Assignment
Below are some records. Retype exactly the lines from the one containing "For a look at" through the one containing "如图,在平面直角坐标系中,点A的坐标为(3,4),那么sinα的值是( )", both included, skipping every picture.

━━ Given data

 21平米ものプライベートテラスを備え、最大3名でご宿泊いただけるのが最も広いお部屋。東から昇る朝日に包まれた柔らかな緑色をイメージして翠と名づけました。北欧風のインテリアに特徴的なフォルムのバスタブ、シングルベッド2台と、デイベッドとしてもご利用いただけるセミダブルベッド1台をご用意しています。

━━━━
━━ Given data

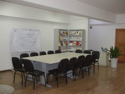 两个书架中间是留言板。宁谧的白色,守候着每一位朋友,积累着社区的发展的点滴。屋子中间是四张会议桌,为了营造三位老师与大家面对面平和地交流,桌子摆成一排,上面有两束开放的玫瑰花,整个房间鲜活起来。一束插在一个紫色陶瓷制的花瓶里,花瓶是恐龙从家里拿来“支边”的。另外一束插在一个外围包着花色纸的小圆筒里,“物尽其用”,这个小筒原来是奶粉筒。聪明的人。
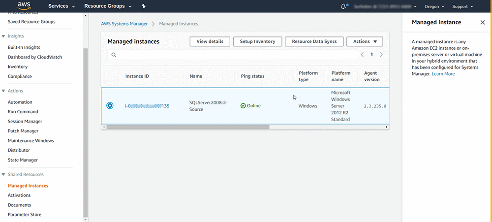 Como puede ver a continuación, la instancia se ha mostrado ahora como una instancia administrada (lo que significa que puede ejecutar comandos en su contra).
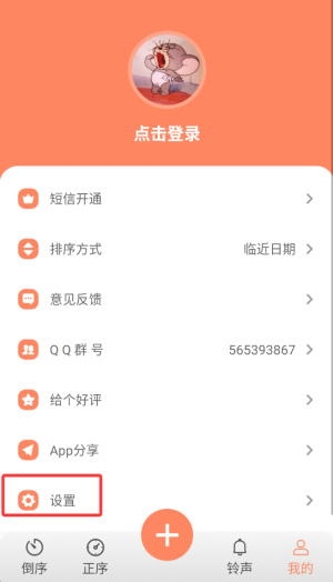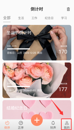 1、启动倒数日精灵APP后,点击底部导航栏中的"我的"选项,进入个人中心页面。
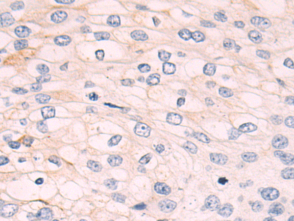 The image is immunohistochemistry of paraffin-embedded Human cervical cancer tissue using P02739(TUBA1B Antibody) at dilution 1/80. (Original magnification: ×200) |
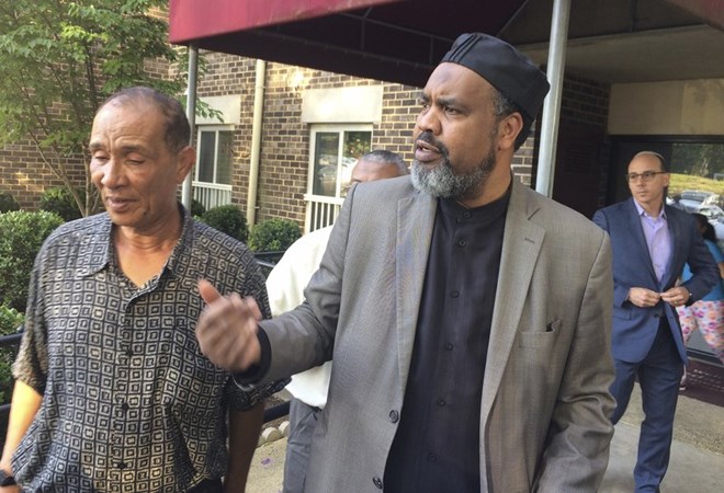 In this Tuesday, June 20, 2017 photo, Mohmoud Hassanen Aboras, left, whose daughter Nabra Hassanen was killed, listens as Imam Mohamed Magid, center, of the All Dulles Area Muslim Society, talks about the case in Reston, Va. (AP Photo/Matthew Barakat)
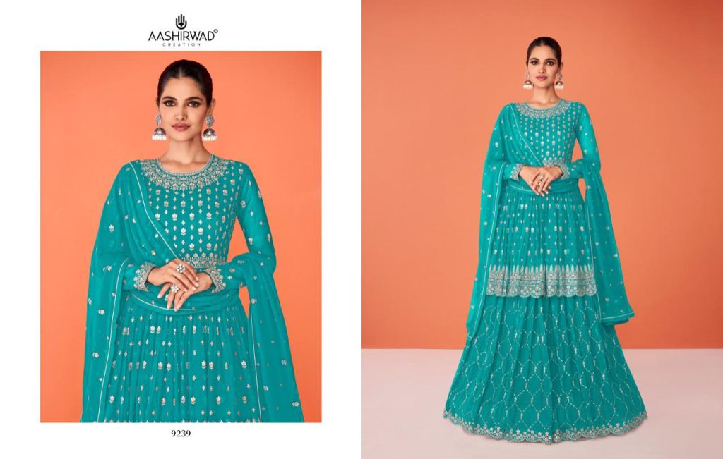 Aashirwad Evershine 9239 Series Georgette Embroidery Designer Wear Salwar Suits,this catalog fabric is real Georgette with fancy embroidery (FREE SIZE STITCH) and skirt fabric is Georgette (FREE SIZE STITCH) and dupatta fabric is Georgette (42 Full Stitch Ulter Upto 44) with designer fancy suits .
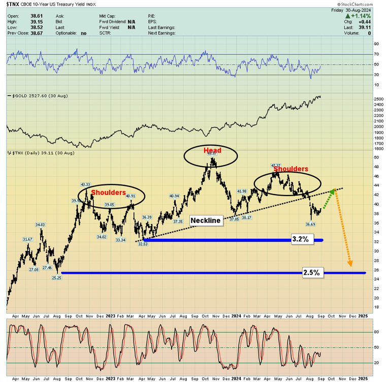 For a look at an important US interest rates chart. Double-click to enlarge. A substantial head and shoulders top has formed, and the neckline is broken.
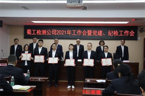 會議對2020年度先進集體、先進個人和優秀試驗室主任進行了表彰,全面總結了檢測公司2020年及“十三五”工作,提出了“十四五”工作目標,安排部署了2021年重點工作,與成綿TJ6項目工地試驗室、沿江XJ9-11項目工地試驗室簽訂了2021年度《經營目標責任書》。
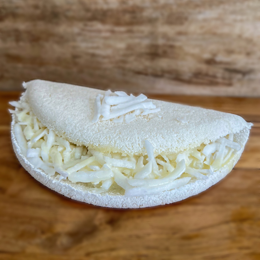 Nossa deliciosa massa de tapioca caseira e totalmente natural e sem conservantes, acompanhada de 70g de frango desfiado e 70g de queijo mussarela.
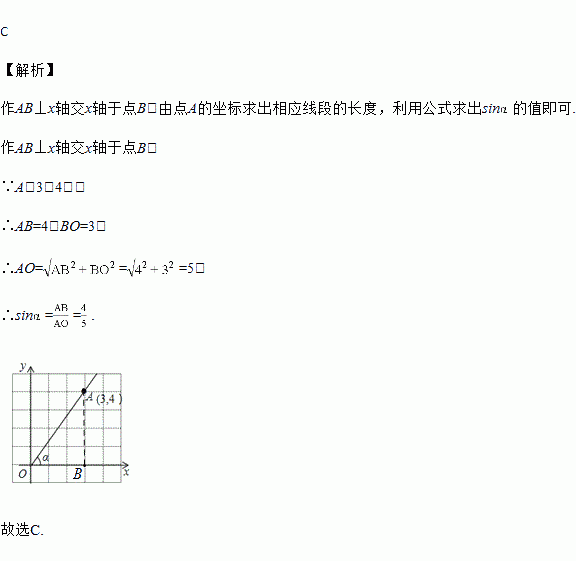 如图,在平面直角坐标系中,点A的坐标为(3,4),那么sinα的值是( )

━━━━
━━ Given data

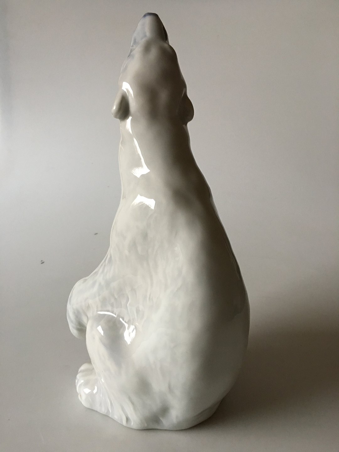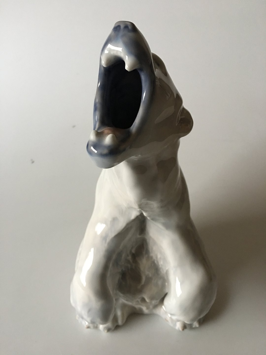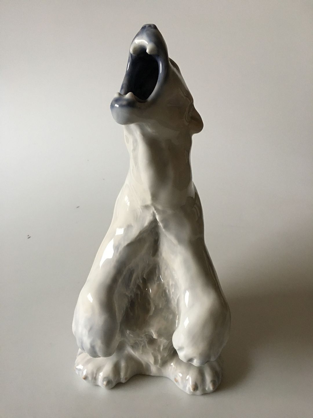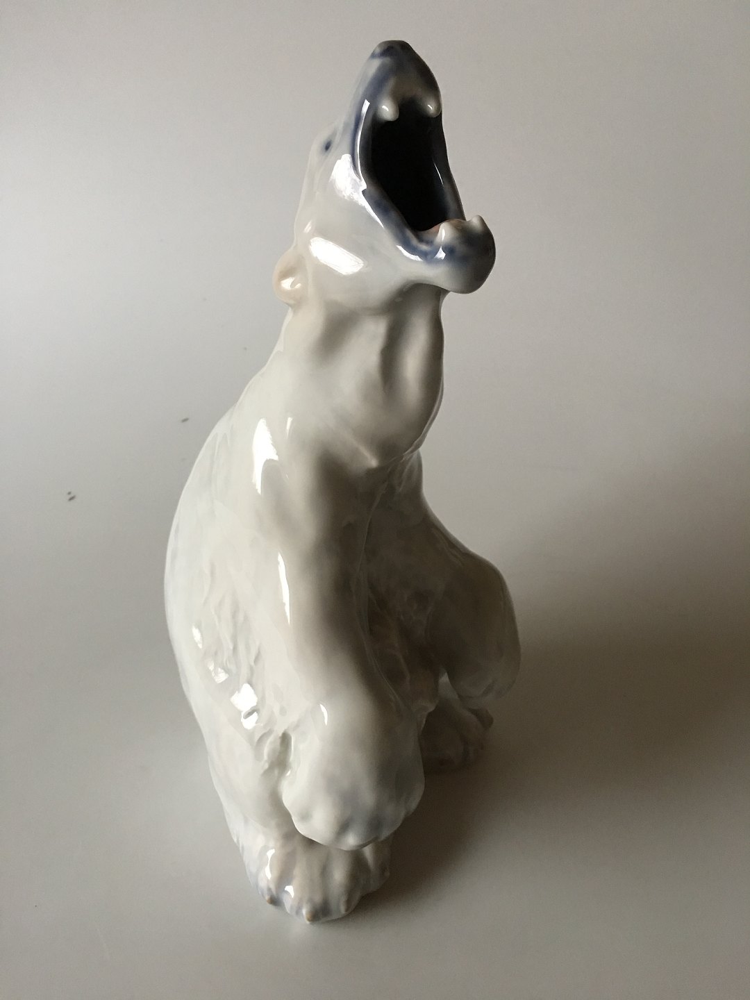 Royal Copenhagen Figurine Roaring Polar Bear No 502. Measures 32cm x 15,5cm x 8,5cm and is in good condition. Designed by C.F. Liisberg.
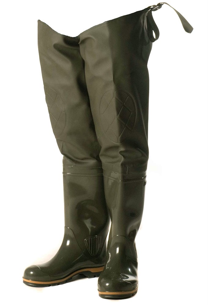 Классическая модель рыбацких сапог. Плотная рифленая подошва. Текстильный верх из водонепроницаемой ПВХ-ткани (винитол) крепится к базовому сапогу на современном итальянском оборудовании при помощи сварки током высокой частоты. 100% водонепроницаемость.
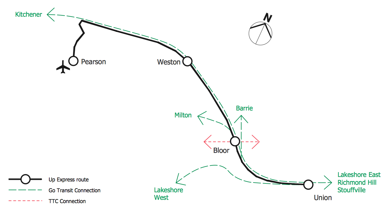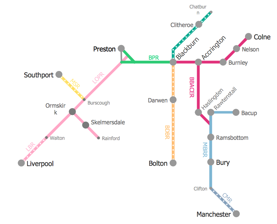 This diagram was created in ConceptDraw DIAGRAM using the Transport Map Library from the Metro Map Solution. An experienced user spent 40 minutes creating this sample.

━━━━

Output of the task
 For a look at an important US interest rates chart. Double-click to enlarge. A substantial head and shoulders top has formed, and the neckline is broken.
 會議對2020年度先進集體、先進個人和優秀試驗室主任進行了表彰,全面總結了檢測公司2020年及“十三五”工作,提出了“十四五”工作目標,安排部署了2021年重點工作,與成綿TJ6項目工地試驗室、沿江XJ9-11項目工地試驗室簽訂了2021年度《經營目標責任書》。
 Nossa deliciosa massa de tapioca caseira e totalmente natural e sem conservantes, acompanhada de 70g de frango desfiado e 70g de queijo mussarela.
 如图,在平面直角坐标系中,点A的坐标为(3,4),那么sinα的值是( )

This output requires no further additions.